After creating a save set, changes to any segment of the code will not be reflected in the .sav file; you must recompile the code each time you modify it.
To run IDL in run-time mode, you load the idl/rt module and use the -rt=XXX flag when invoking IDL.
To let the GE know that you will pull an IDL run-time license, use the -l idlrt=1 flag when qsub'ing.
The GE will keep track of the number of licenses used and will limit accordingly the number of concurrent jobs using them to the number of available licenses.

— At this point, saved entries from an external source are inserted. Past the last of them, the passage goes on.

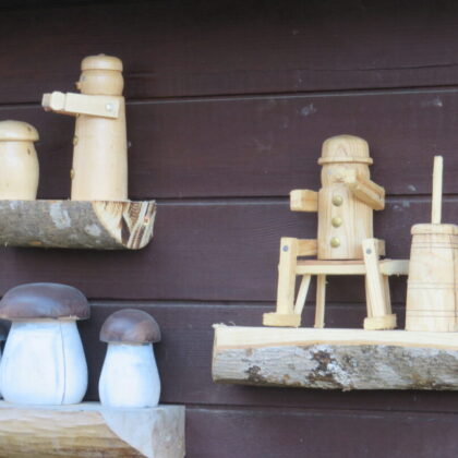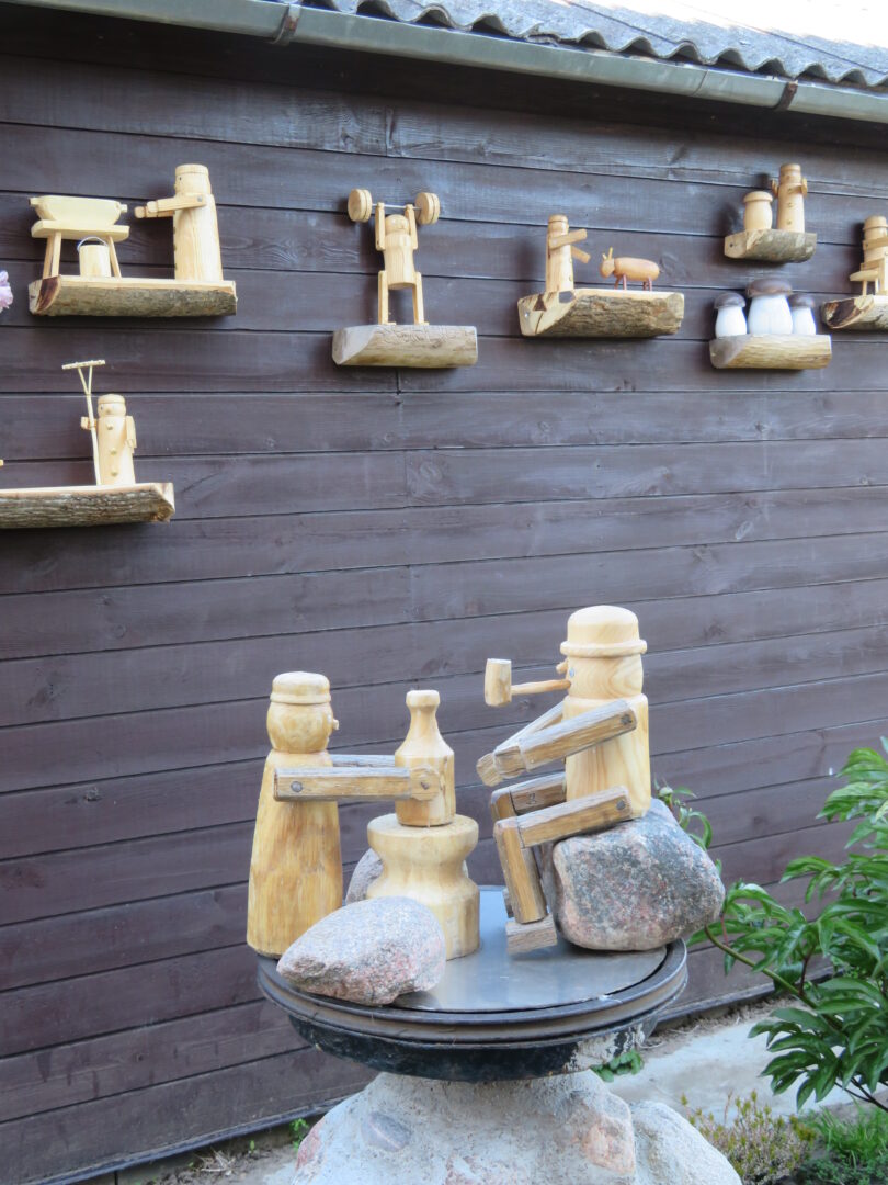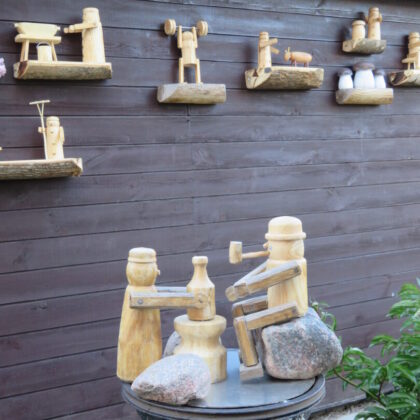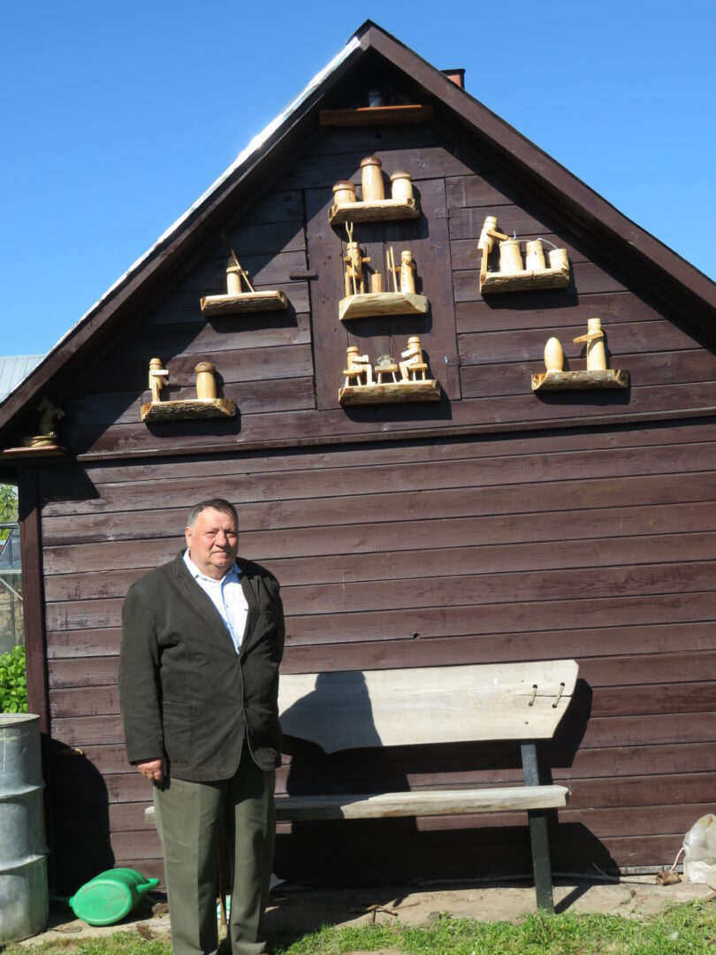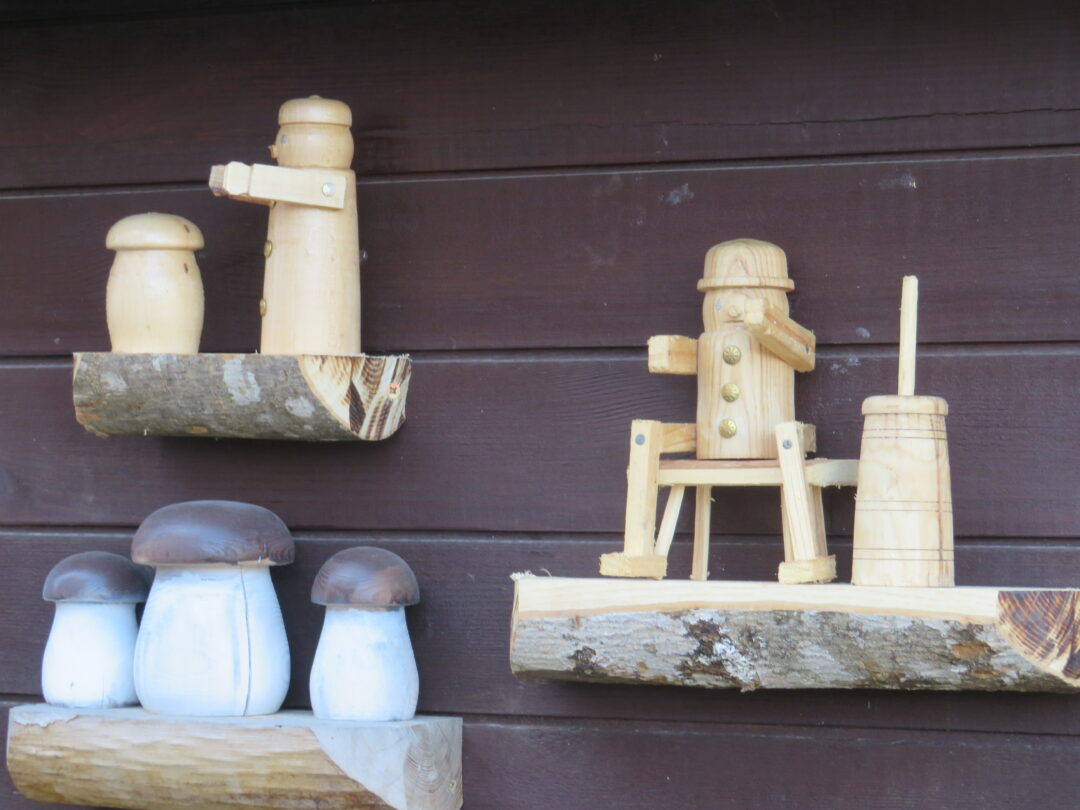 Rokiškėno Juozo Rimanto Kairio kieme stovinti pirtis ir garažas su malkine apkabinėti lentynėlėmis, pagamintomis iš nudailintų pliauskų. Matydamas, kas ant jų, negali nesišypsoti. Ant kiekvienos išdėlioti paties šeimininko išdrožti, ištekinti medinukai. Po vieną, po du ar keletą. Visi jie vaizduoja tam tikras istorijas. Žodžio kišenėje neieškantis J. R. Kairys pristatinėja: „Čia grybautojas surado baravyką, čia gimtojo kaimo svirtis, kaimiški darbai, meškeriojantis kaimynas, patranka iš pasakos, kurioje kariavo žirniai su grybais.“
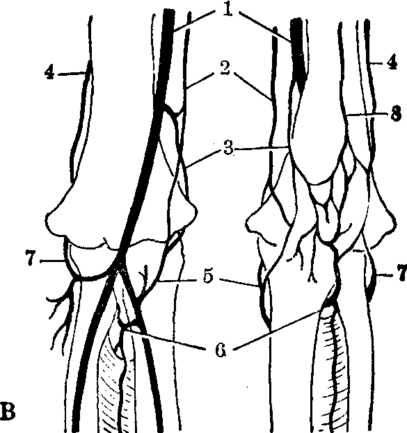 释义 | 上肢的动脉吻合 上肢的动脉吻合上肢的动脉吻合包括肩关节网、肘关节网、腕关节网及手的动脉弓等(见图)。 肩胛网与肘关节网 腕关节网 包括腕掌网和腕背网两部分。 ❶腕掌网比较细小,位于桡骨下端掌侧面,由桡、尺动脉的腕掌支、掌深弓的返支以及骨间前动脉的小支共同构成。 ❷腕背网发育良好,位于腕骨背面,由桡、尺动脉的腕背支和骨间前、后动脉的终末支吻合形成。腕背网向远侧发出三条掌背动脉分布于第2~5指近侧节相对缘的背侧。各掌背动脉在掌骨间隙近侧连接掌深弓的穿支,在远侧则与指掌侧总动脉的穿支交通。 手的动脉弓 包括掌浅弓及掌深弓(彩图18)。 ❶掌浅弓一般由尺动脉终末支与桡动脉掌浅支吻合构成。位于掌腱膜和掌短肌的深面,掌中间隙诸结构的浅面。弓的凸缘朝向手指,相当于拇指充分外展时沿其远侧缘所作的横线。掌浅弓除发出一些细小的肌支和皮支以外,还发出有:指掌侧总动脉三条,分别沿第2、3、4掌骨间隙走向远侧,在掌指关节处先与掌深弓的掌心动脉和腕背网的掌背动脉的穿支吻合,随即各分为两条指掌侧固有动脉,至相邻指的相对缘,其终末皆与邻近的同名动脉吻合而终。小指尺掌侧动脉,由弓单独发起,向远侧分布于小指尺侧缘。浅弓在多数情况下(约占81.25%)形成明显的弓状吻合,少数的(约占18.75%)并不形成弓状吻合。此外,掌浅弓往往发出较大的分支与拇主要动脉相连接,从而构成比掌浅弓强大的另一手掌动脉弓。根据国内资料,掌浅弓可分四个类型,即尺动脉型,约占46%;桡尺动脉型,占34%;缺如型,占19%;正中动脉型,占1%。 ❷掌深弓由桡动脉终末与尺动脉的掌深支吻合构成,其凸缘朝向手指,相当于通过钩骨远侧缘所画的横线,弓的位置较深,伴尺神经横跨于第2~4腕掌关节掌面,位于所有掌中间隙诸结构与骨间肌之间。掌深弓的分支有:三条掌心动脉,分别在第2~4掌骨间隙中走向远侧,至掌指关节处,发出细支与相应的指掌侧总动脉吻合,并分支布于骨间肌,蚓状肌及掌骨;返支,行向近侧,参加腕掌网;穿支,一般有三支,穿骨间肌入手背,同相应的掌背动脉吻合。 ☚ 尺动脉 主动脉胸部 ☛ |
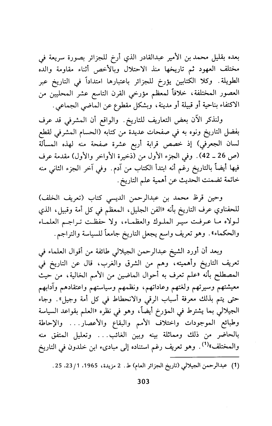 وبعد أن أورد الشيخ عبد الرحمن الجيلالي طائفة من أقوال العلماء في تعريف التاريخ وأهميته، وهم من الشرق والغرب، قال عن التاريخ في المصطلح بأنه (علم تعرف به أحوال الماضين من الأمم الخالية، من حيث معيشتهم وسيرتهم ولغتهم وعاداتهم، ونظمهم وسياستهم واعتقادهم وآدابهم حتى يتم بذلك معرفة أسباب الرقي والانحطاط في كل أمة وجيل). وجاء الجيلالي بما يشترط في المؤرخ أيضا، وهو في نظره (العلم بقواعد السياسة وطبائع الموجودات واختلاف الأمم والبقاع والأعصار ... والإحاطة بالحاضر من ذلك ومماثلة بينه وبين الغائب ... وتعليل المتفق منه والمختلف) (¬1). وهو تعريف رغم استناده إلى مبادئ ابن خلدون في التاريخ
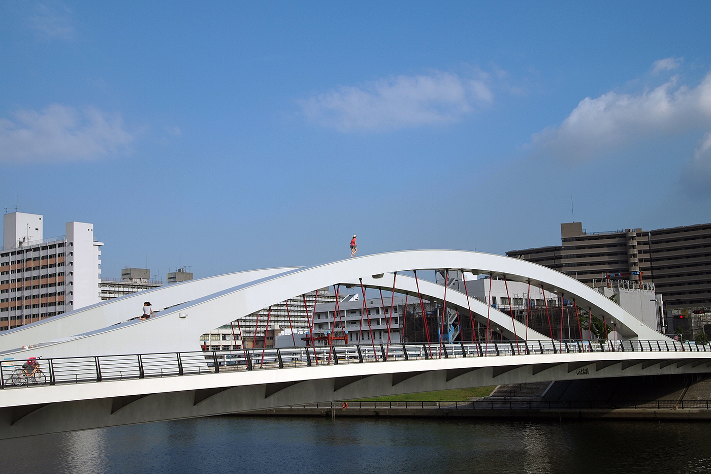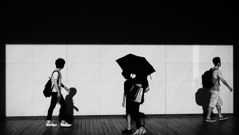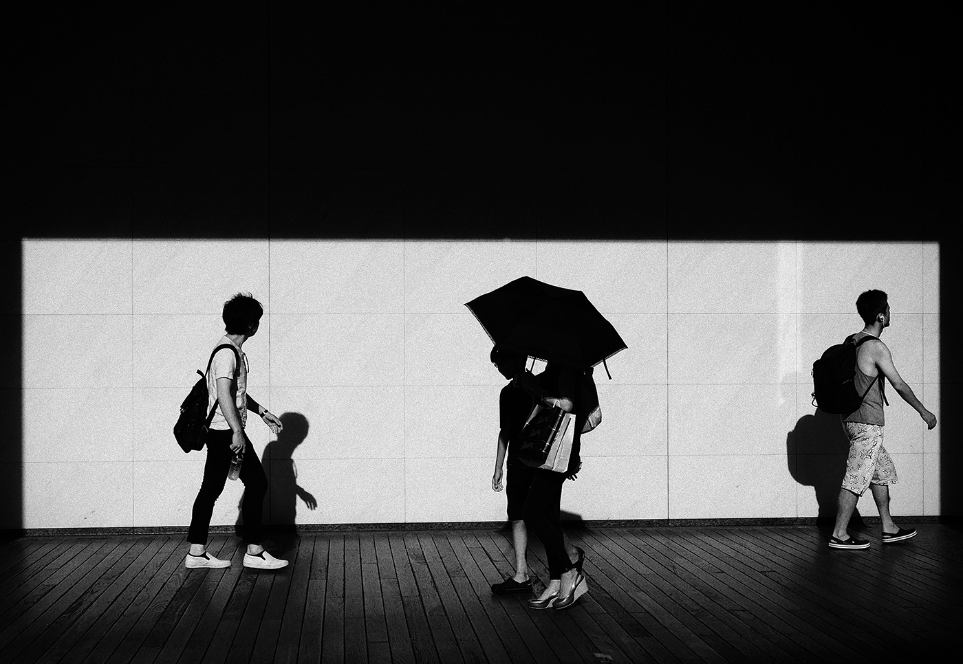 (②)の写真も白い壁にカメラを向けていたら、見事なアングルで3人が横切ったという意図としない写真であるが、自分で言うのもなんだが見事な写真である。写そうという意思があったのなら、壁に正対するんですがね。いかんせん偶然ですので、壁に対して真っ直ぐではないのが残念。この①と②はCP+のトークショウで紹介した写真である。

Here is an example of a job file reduce.job that will run the reduce procedure:

IDL run-time example job file

# /bin/csh
#
#$ -cwd -j y -o reduce.log -N reduce
#$ -l idlrt
#
echo + `date` job $JOB_NAME started in $QUEUE with jobID=$JOB_ID on $HOSTNAME
#
module load idl/rt
#
idl -rt=reduce.sav
#
echo = `date` job $JOB_NAME done

You then run that job with:
% qsub reduce.job

Notes

We have added run-time licenses for idl 8.6 and higher: you can now use the modules idl/8.6 or idl/8.7 instead of idl/rt.
The name of the save file must match the name of the top procedure to run, and
there is no way to pass arguments to that top level procedure, when started in with -rt=name.sav, i.e.:
If you want to run the procedure make_my_model, you should write make_my_model.pro and compile it to a make_my_model.sav file.
IDL procedures can read parameters from a file, or from standard input (stdin), for example
Example of reading from stdin (standart input)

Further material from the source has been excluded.